START Records shown

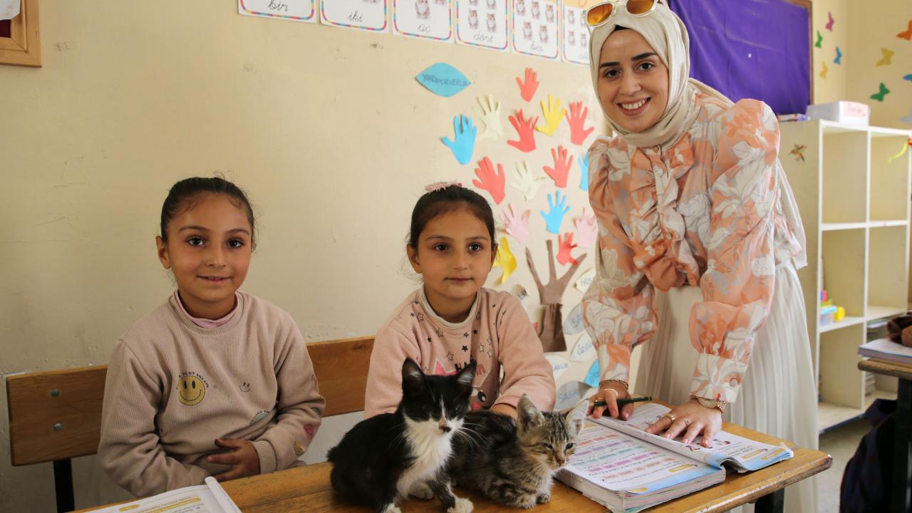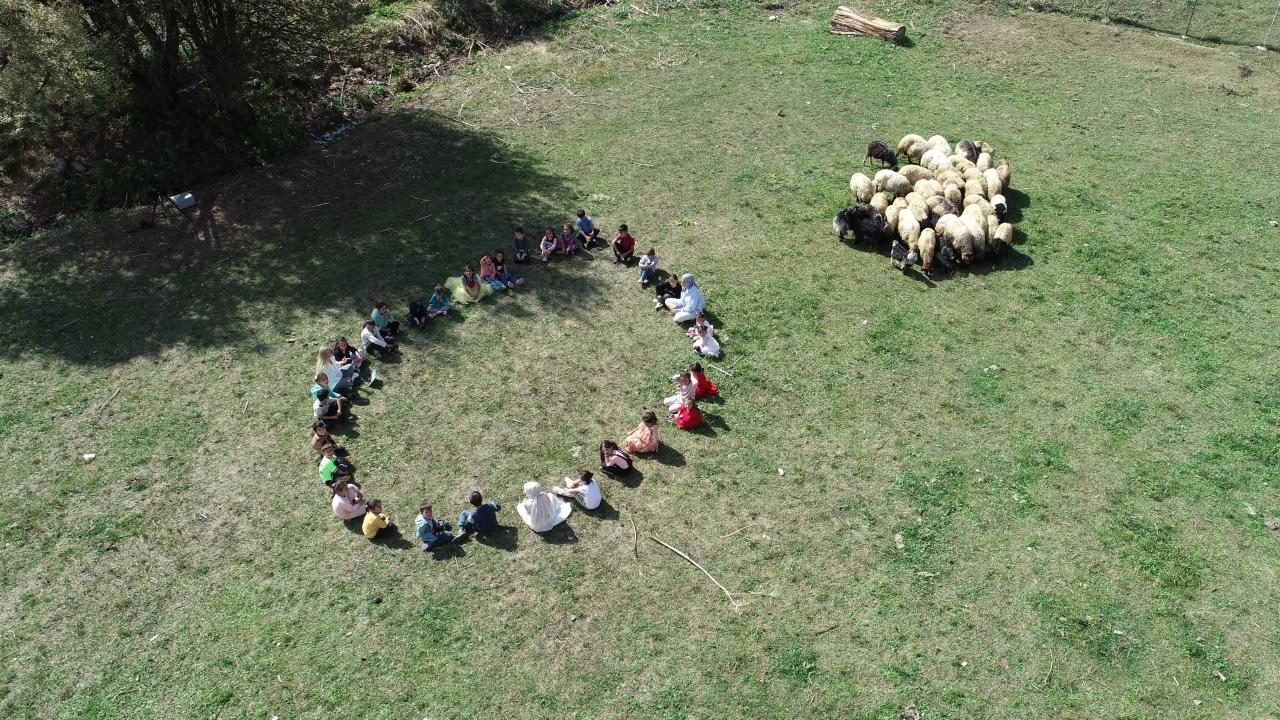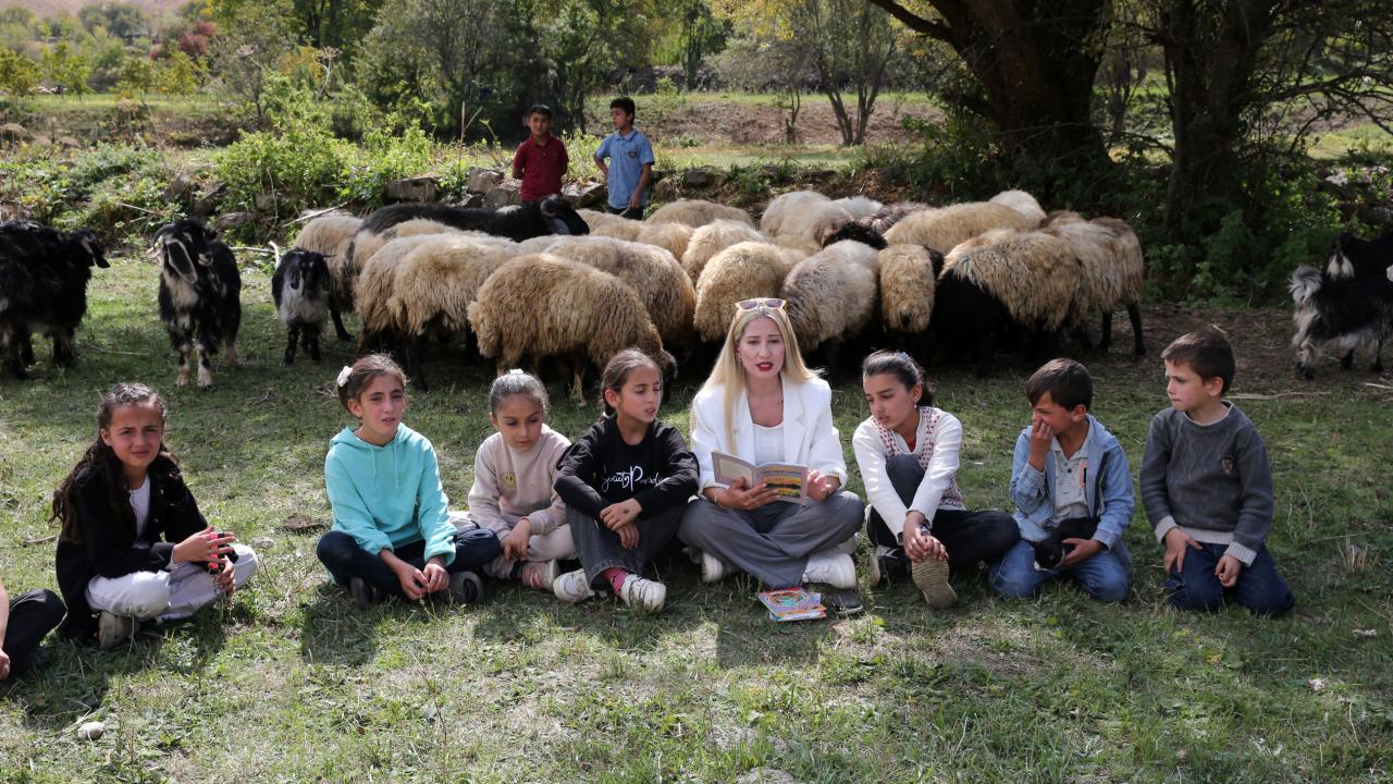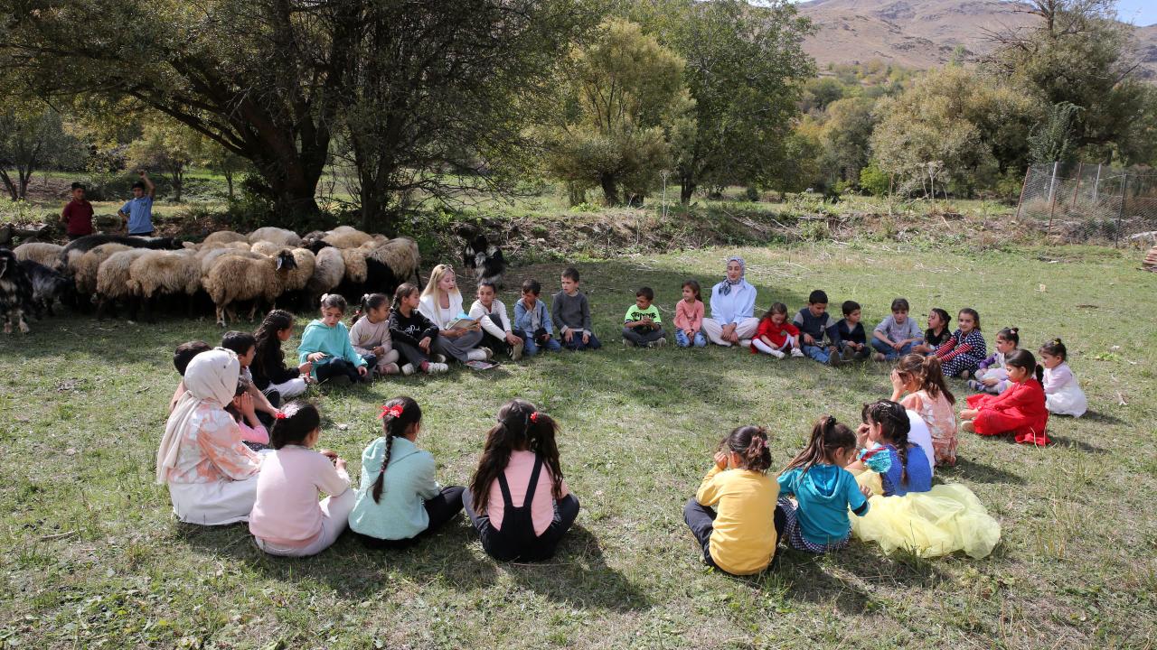 Açık alanda kitap okuduklarını, resim yaptıklarını, etkinlikler düzenlediklerini anlatan Gencer, "Şu anda ders işlediğimiz ortamda koyunlar, keçiler ve kediler var. Doğayla iç içe bir ortamdayız. Bundan hem çocuklar hem de biz çok memnunuz. Eğitim faaliyetlerimiz güzel şekilde ilerliyor. İşlediğimiz konuların tekrarını yapıyor, soruları yanıtlıyoruz" ifadelerini kullandı.
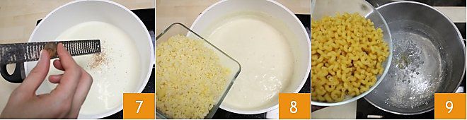 Schmecken Sie mit Salz, Pfeffer und Muskatnuss ab 7 und fügen Sie dann den geriebenen Käse hinzu. Kochen Sie weitere 7 Minuten unter ständigem Rühren, um die Zutaten zu mischen 8. Kochen Sie die Pasta in reichlich kochendem, nach Belieben gesalzenem Wasser 9.
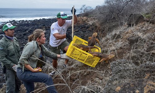 This handout photo, released by the Galapagos National Park, shows a group of a part of 1,436 iguanas of the subspecies Conolophus Subcristatus, from Seymour Norte Island, being introduced to Santiago Island as part of a conservation program in the Galapagos Islands on Monday. Photo: AFP
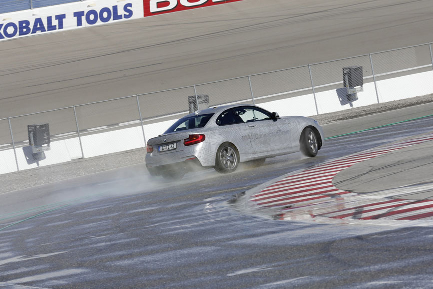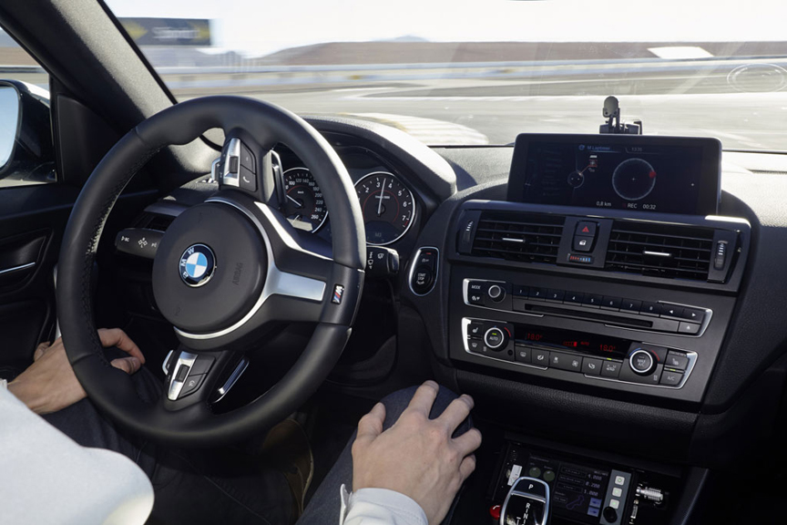 At the handling course of the Las Vegas Speedway, BMW showed its state-of-autonomous driving by letting me ride shotgun in a prototype of the upcoming M235i Coupe. Its driver – that is say, the guy who in fact did NOT drive – is an engineer in the Research and Technology team. He was responsible for “teaching” the car how to handle the track and how to maneuver a short slalom.
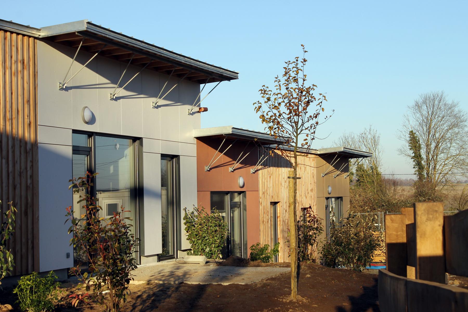 Descriptif technique : Soubassement en béton et plancher bas poutrelles hourdis sur vide sanitaire, solution rendue nécessaire par la présence de remontées d’eau (nappe perchée). Murs ossature bois, bardage bois en Douglas non traité, charpente bois, isolation en ouate de cellulose, linoleum dans les chambres, autant de matériaux stockant le carbone et à faible émission de COV (composé organiques volatils). Couverture zinc. Panneaux photovoltaïques intégrés en toiture des deux logements Ouest. Chauffage par réseau de chaleur alimenté par une petite chaudière à granulés. Revêtement de sol : carrelage et linoleum. PEFC (Gestion forestière durable) FSC (Gestion forestière responsable) CTB B Certification bas taux de formol (CARB) Marquage CE
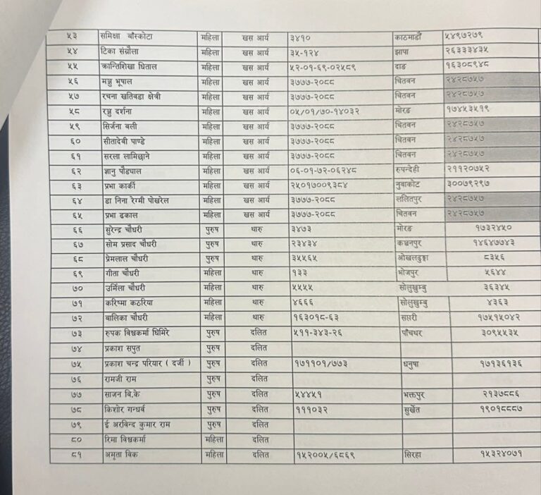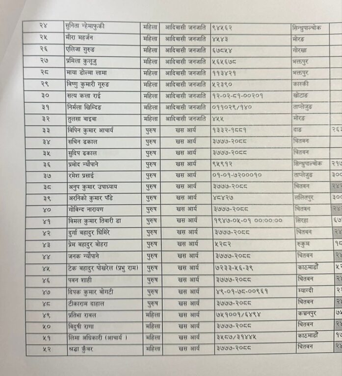 यश सूचीमा बालेनका ४० जना र कुलमानको उज्यालो नेपालका १८ जनालाई राखिएको छ । अरू रास्वपाका छन् ।
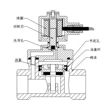 先導式電磁閥工作原理:常閉式---通電時,電磁力吸合先導孔閥芯,先導孔打開,主閥活塞上腔壓力下降,在主活塞上腔和下腔形成上低下高的壓力,這樣下腔壓力推動主活塞打開閥門;斷電時,彈簧力複位關閉先導孔,主活塞上腔增壓,在主活塞上腔和下腔形成上高下低的壓力,介質壓力和彈簧力推動主活塞,閥關閉。常開式與常閉式相反。
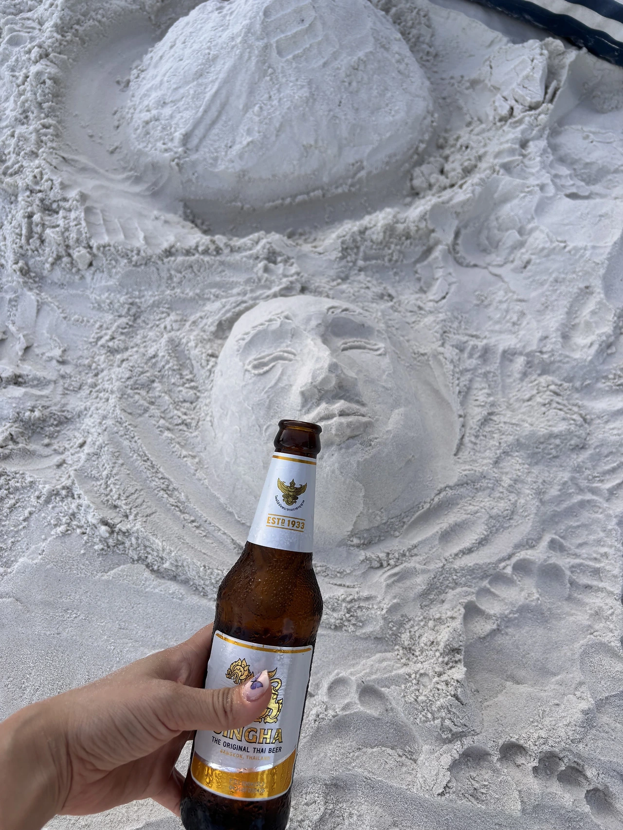 리조트 비치바에서 모래 위에 앉아 먹는 식사.
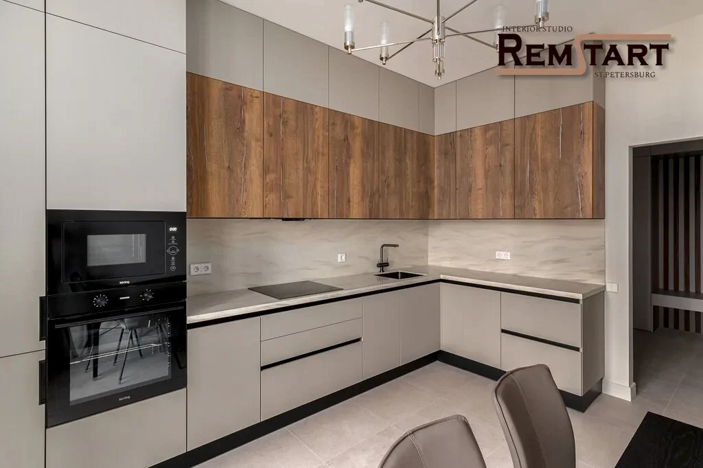 Ремонт двухкомнатной квартиры с перепланировкой в новом доме реализован с совмещением кухни и лоджии. Применены стандартные Pin Up
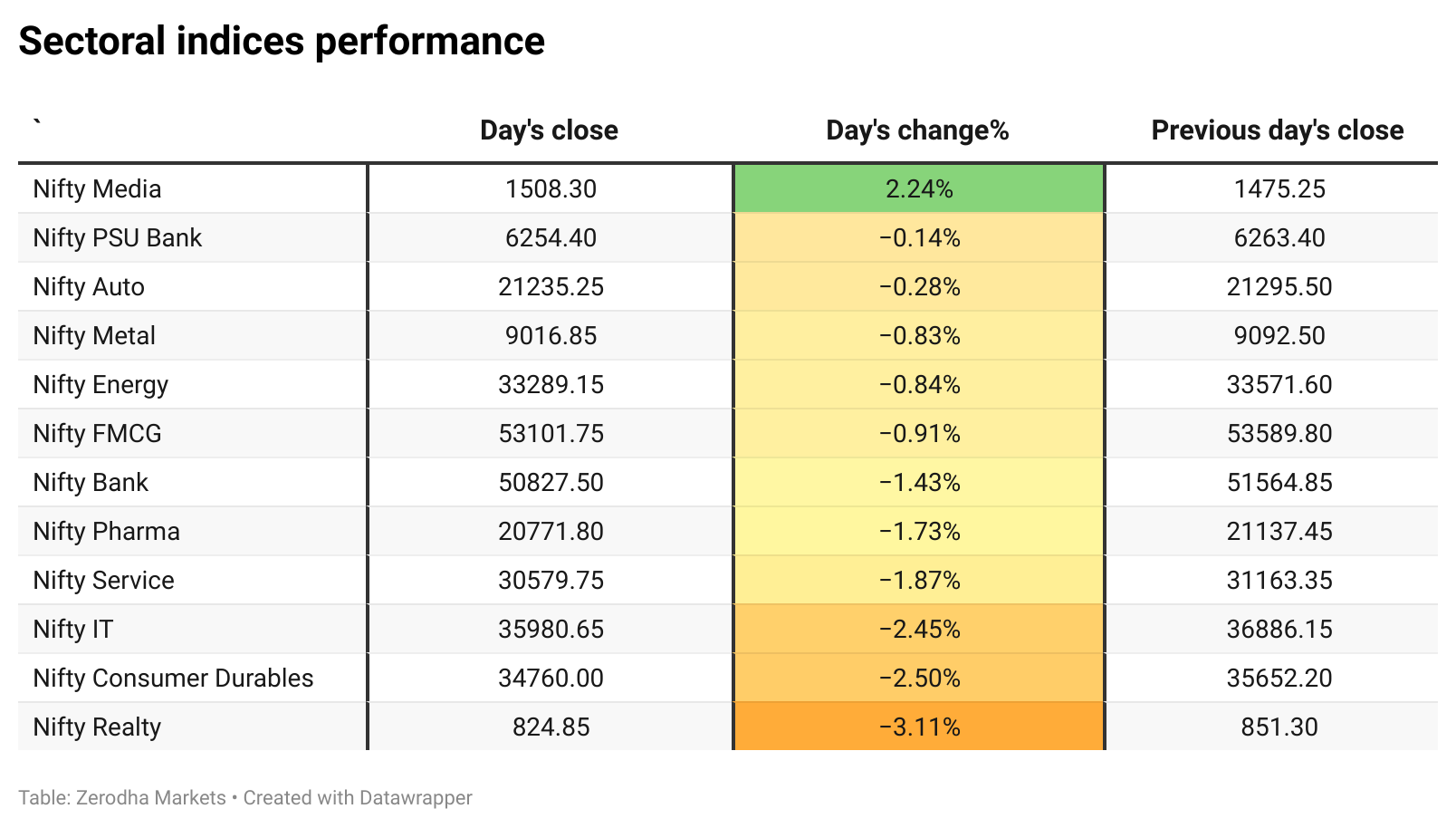 Out of the 12 sectoral indices listed, only one sector—Nifty Media—closed in the green, while the remaining 11 sectors ended in the red, reflecting broad-based weakness across the market.
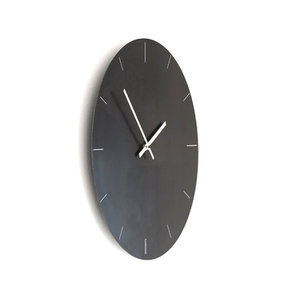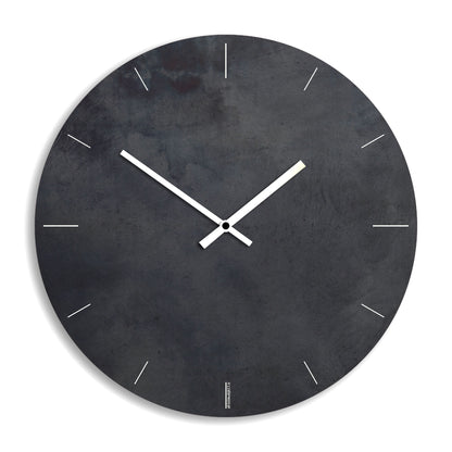Die Zeiger aus satiniertem Weißmetall heben sich von einem großen Zifferblatt aus schillerndem dunkelgrauem Calamin-Stahl ab und erzeugen einen Kontrast mit starker optischer Wirkung.
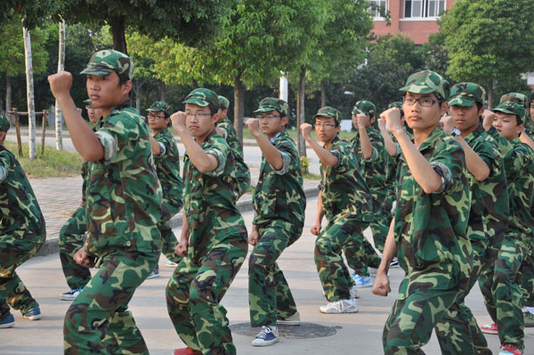 军姿、齐步、正步、方阵是每天必备课程,不管骄阳似火还是风吹雨打,他们始终都在操场上坚持如一。20多天的训练效果明显。军训场地上,口号声似雷鸣,阵阵响彻华园;动作整齐,集万人如一人行;歌声嘹亮,气吞山河。严明的纪律,严格的要求,紧张的节奏,辛苦的训练,使得每一个参加军训的学生从暑假里松散的生活方式转向有规律、有强度的军训之中,也使他们真正体会到何为“军人”。
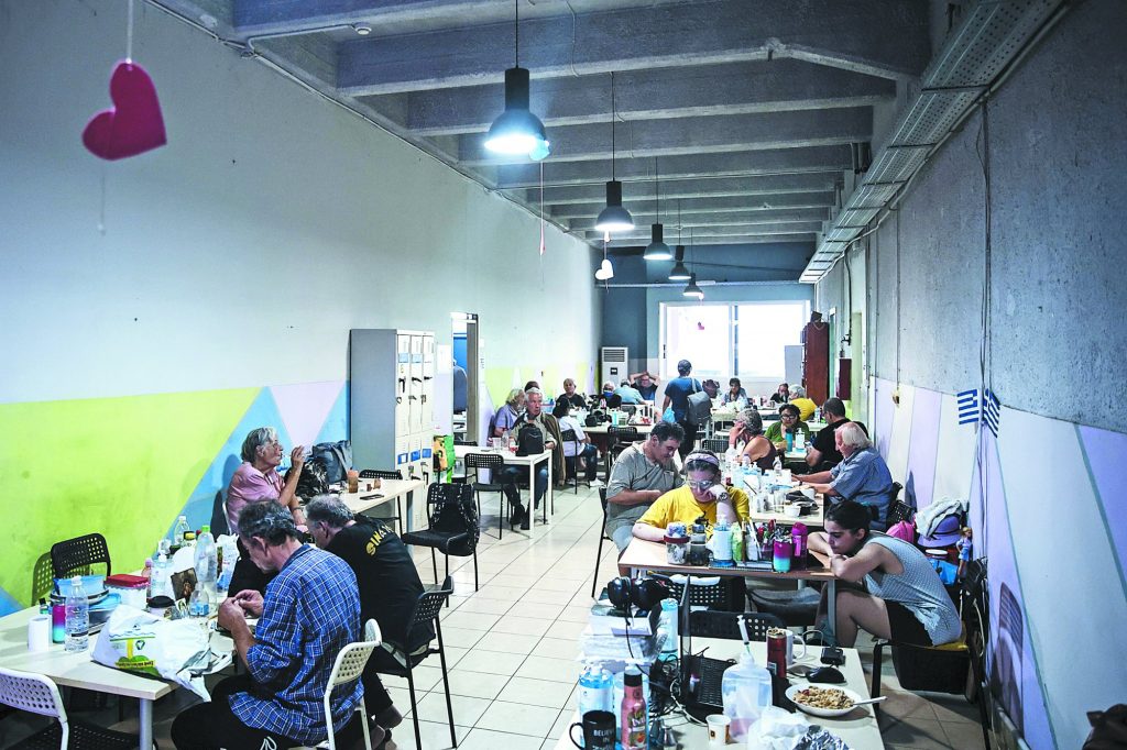 Ωστόσο, υπάρχουν και οι συμπολίτες μας που δεν έχουν άλλη επιλογή από το να βρουν καταφύγιο σε τέτοιους χώρους καθώς δεν έχουν πού την κεφαλήν κλίναι. Οπως ο 79χρονος Αναστάσιος Λυμπερόπουλους, που αυτές τις ημέρες των υψηλών θερμοκρασιών βρέθηκε στη δομή φιλοξενίας αστέγων «Υπνωτήριο Πειραιάς Λιμάνι Αλληλεγγύης» του Ομίλου UNESCO Πειραιώς και Νήσων που, σε συνεργασία με τον Δήμο Πειραιά, λειτουργεί ως κλιματιζόμενος χώρος σε 24ωρη βάση. Αστεγος και καρκινοπαθής, περνάει την ώρα βλέποντας τηλεόραση, μακριά από τα καυτά τσιμέντα της πόλης: «Βρίσκομαι εδώ την περίοδο του καύσωνα, καθώς ατύχησα στη ζωή μου. Πού να κάτσω έξω με τέτοια ζέστη; Είμαι και στις ευπαθείς ομάδες λόγω καρκίνου. Ακόμα και σε μια γωνιά να μείνω με σκιά, έρχεται και με χτυπάει ο καυτός αέρας και δεν αντέχω. Στη δομή κάνω το μπάνιο μου, τρώω το φαγητό μου, βλέπω την τηλεόρασή μου στη δροσιά και περνάει η ώρα. Στον δρόμο το μόνο που θα έβλεπα θα ήταν κόσμο να περνάει από δίπλα μου και να φεύγει».

END Records shown

• **Exercise prompt**
Give again, exactly as written above, each line from the one that has "Schmecken Sie mit" to the one that has "At the handling", both included; omit the pictures.

• **Solution to this task**
 Schmecken Sie mit Salz, Pfeffer und Muskatnuss ab 7 und fügen Sie dann den geriebenen Käse hinzu. Kochen Sie weitere 7 Minuten unter ständigem Rühren, um die Zutaten zu mischen 8. Kochen Sie die Pasta in reichlich kochendem, nach Belieben gesalzenem Wasser 9.
 This handout photo, released by the Galapagos National Park, shows a group of a part of 1,436 iguanas of the subspecies Conolophus Subcristatus, from Seymour Norte Island, being introduced to Santiago Island as part of a conservation program in the Galapagos Islands on Monday. Photo: AFP
 At the handling course of the Las Vegas Speedway, BMW showed its state-of-autonomous driving by letting me ride shotgun in a prototype of the upcoming M235i Coupe. Its driver – that is say, the guy who in fact did NOT drive – is an engineer in the Research and Technology team. He was responsible for “teaching” the car how to handle the track and how to maneuver a short slalom.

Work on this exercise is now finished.